The issue of predictive validity has been little discussed in relation to calculated grades, but in a recent TES (Times Educational Supplement) survey of teachers, there were comments that, "predictions and staff assessments would never have the same validity as an exam", so that, "Predictions, past assessment data and mock data is not sufficient, and will never beat the real thing in terms of accuracy." [20] . The current changes in university selection inevitably mean that difficult policy decisions need to be made by universities and medical schools. Even in the absence of direct, high-quality, evidence, policy-makers still have an obligation to make decisions, and, therefore it is argued, must take theory, related evidence, and so on, into account [21] . This paper will provide both a review of other evidence, and also new results on the related issue of predicted grades, which it will be argued are likely to behave in a way that is similar to calculated grades.

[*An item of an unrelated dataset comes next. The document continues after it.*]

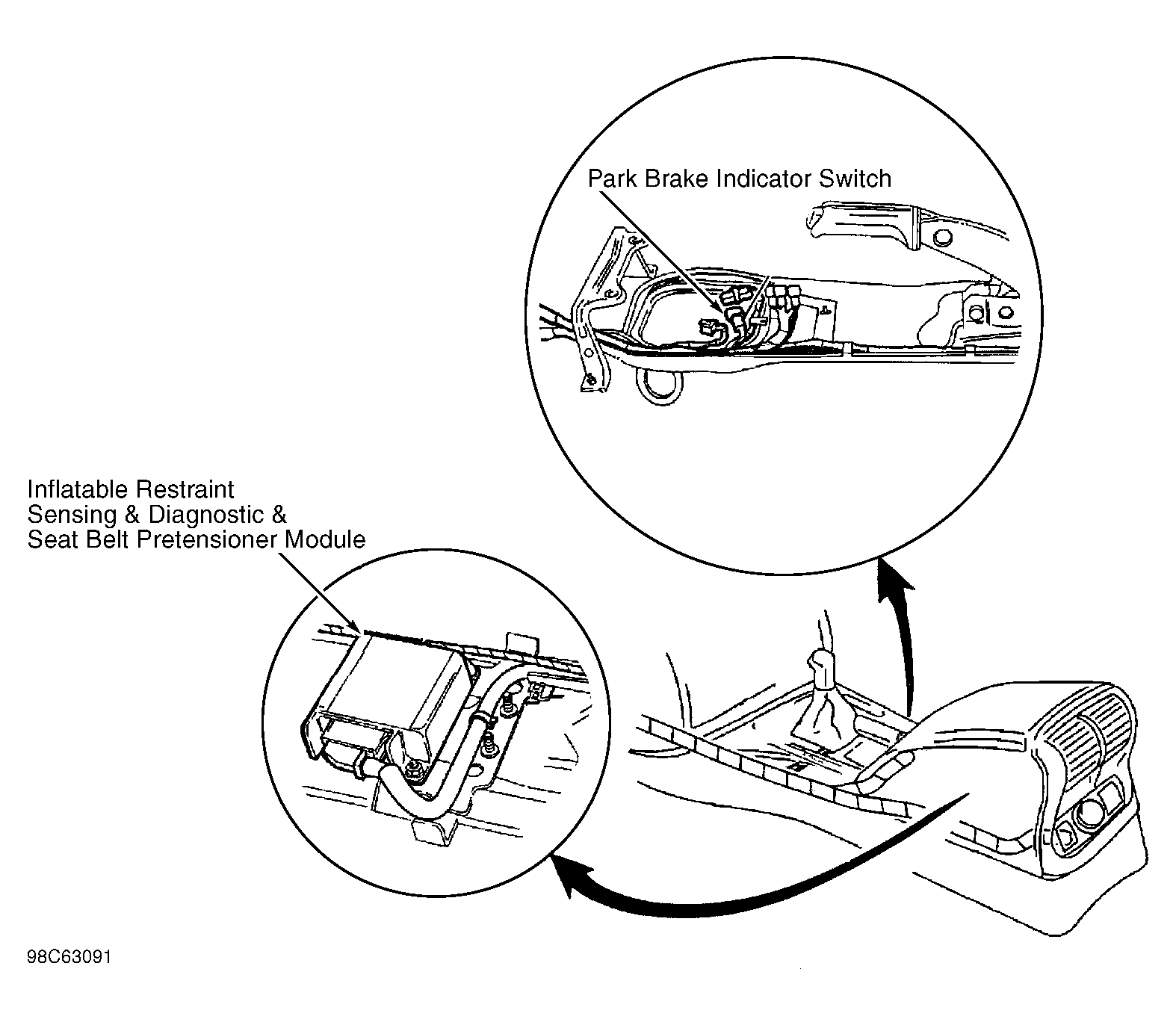 | Inflatable Restraint Sensing & Diagnostic & Seat Belt Pretensioner Module | Under center console, near parking brake lever. See Figure . |

Predicted grades in university selection. A notable feature of UK universities is that selection mostly takes place before A-levels or equivalent qualifications have been sat, so offers are largely conditional on later attained grades. As a result, UCAS application forms, since their inception in 1964, have included predicted grades, estimates by teachers of the A-level grades a student is likely to achieve. Admissions tutors also use other information in making conditional offers. A majority of applicants in England, applying in year 13 for university entry at age 18 will have taken GCSEs at age 16 in year 11, a few still take AS-levels in year 12, some students submit an EPQ (Extended Project Qualification), and UCAS forms also contain candidate statements and school references. Medical school applicants mostly also take admissions tests such as U(K)CAT or BMAT at the beginning of year 13, and many will take part in interviews or MMIs (multiple mini-interviews).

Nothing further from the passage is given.